可验证奖励的强化学习（RLVR）通过利用答案可验证信号指导策略优化，在训练大型推理模型（LRMs）方面已证明有效，但该方法存在标注成本高的问题。为缓解此问题，近期研究探索了仅基于模型内部一致性（如通过熵和多数投票）推导奖励的无监督RLVR方法。尽管这些方法看似前景可观，但在训练后期常出现模型崩溃现象，这可能是由于缺乏外部监督时错误推理模式被强化所致。本文研究一种新型半监督RLVR范式，该范式利用少量标注样本指导未标注样本的RLVR训练。我们的核心洞见是：监督奖励对于稳定基于一致性的未标注样本训练至关重要，可确保仅将在标注实例上验证过的推理模式纳入RL训练。技术上，我们提出一种有效的策略优化算法TraPO，通过匹配未标注样本与标注样本的学习轨迹相似性来识别可靠样本。基于此，TraPO在六个常用数学推理基准（AIME24/25、AMC、MATH-500、Minerva和Olympiad）和三个分布外任务（ARC-c、GPQA-diamond和MMLU-pro）上实现了显著的数据效率和强大泛化能力。
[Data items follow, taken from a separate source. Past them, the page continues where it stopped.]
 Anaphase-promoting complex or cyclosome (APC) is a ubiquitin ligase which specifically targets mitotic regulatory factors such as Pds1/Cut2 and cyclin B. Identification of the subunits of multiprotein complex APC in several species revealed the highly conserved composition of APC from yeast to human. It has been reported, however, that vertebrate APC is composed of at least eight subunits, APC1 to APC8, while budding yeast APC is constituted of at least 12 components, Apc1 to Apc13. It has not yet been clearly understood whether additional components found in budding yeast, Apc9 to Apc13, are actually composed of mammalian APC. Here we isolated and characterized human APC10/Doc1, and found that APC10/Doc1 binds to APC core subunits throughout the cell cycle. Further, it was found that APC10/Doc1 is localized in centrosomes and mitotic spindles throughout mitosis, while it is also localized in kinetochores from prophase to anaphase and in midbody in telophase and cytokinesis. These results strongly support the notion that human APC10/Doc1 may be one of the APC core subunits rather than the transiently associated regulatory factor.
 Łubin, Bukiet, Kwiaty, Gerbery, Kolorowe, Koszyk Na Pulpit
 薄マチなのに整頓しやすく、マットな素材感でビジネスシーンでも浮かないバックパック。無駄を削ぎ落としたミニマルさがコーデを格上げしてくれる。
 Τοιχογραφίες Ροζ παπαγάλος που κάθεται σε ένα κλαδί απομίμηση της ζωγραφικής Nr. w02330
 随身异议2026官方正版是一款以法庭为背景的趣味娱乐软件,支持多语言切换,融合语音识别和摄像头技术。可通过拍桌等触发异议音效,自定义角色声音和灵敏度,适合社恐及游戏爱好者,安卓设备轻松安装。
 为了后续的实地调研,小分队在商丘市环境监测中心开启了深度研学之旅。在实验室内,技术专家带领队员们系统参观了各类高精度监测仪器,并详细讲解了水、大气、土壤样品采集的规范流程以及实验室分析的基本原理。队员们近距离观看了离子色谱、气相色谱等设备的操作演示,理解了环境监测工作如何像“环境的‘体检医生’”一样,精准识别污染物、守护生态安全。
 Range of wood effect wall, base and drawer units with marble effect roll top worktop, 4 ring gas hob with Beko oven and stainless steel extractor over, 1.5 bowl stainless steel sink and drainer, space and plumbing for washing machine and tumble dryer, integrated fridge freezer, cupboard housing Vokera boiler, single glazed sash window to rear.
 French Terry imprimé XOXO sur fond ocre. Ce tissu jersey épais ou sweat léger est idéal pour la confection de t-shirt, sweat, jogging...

仅使用1K标注样本和3K未标注样本时，TraPO平均准确率达42.6%，超越在45K未标注样本上训练的最佳无监督方法（38.3%）。值得注意的是，当使用4K标注样本和12K未标注样本时，TraPO在所有基准上甚至优于使用全部45K标注样本训练的完全监督模型，而标注数据用量仅为其10%。代码已开源：https://github.com/ShenzhiYang2000/TRAPO。

English

Reinforcement learning with verifiable rewards (RLVR) has proven effective in training large reasoning models (LRMs) by leveraging answer-verifiable signals to guide policy optimization, which, however, suffers from high annotation costs. To alleviate this problem, recent work has explored unsupervised RLVR methods that derive rewards solely from the model's internal consistency, such as through entropy and majority voting. While seemingly promising, these methods often suffer from model collapse in the later stages of training, which may arise from the reinforcement of incorrect reasoning patterns in the absence of external supervision. In this work, we investigate a novel semi-supervised RLVR paradigm that utilizes a small labeled set to guide RLVR training on unlabeled samples. Our key insight is that supervised rewards are essential for stabilizing consistency-based training on unlabeled samples, ensuring that only reasoning patterns verified on labeled instances are incorporated into RL training. Technically, we propose an effective policy optimization algorithm, TraPO, that identifies reliable unlabeled samples by matching their learning trajectory similarity to labeled ones. Building on this, TraPO achieves remarkable data efficiency and strong generalization on six widely used mathematical reasoning benchmarks (AIME24/25, AMC, MATH-500, Minerva, and Olympiad) and three out-of-distribution tasks (ARC-c, GPQA-diamond, and MMLU-pro). With only 1K labeled and 3K unlabeled samples, TraPO reaches 42.6% average accuracy, surpassing the best unsupervised method trained on 45K unlabeled samples (38.3%). Notably, when using 4K labeled and 12K unlabeled samples, TraPO even outperforms the fully supervised model trained on the full 45K labeled samples on all benchmarks, while using only 10% of the labeled data. The code is available via https://github.com/ShenzhiYang2000/TRAPO.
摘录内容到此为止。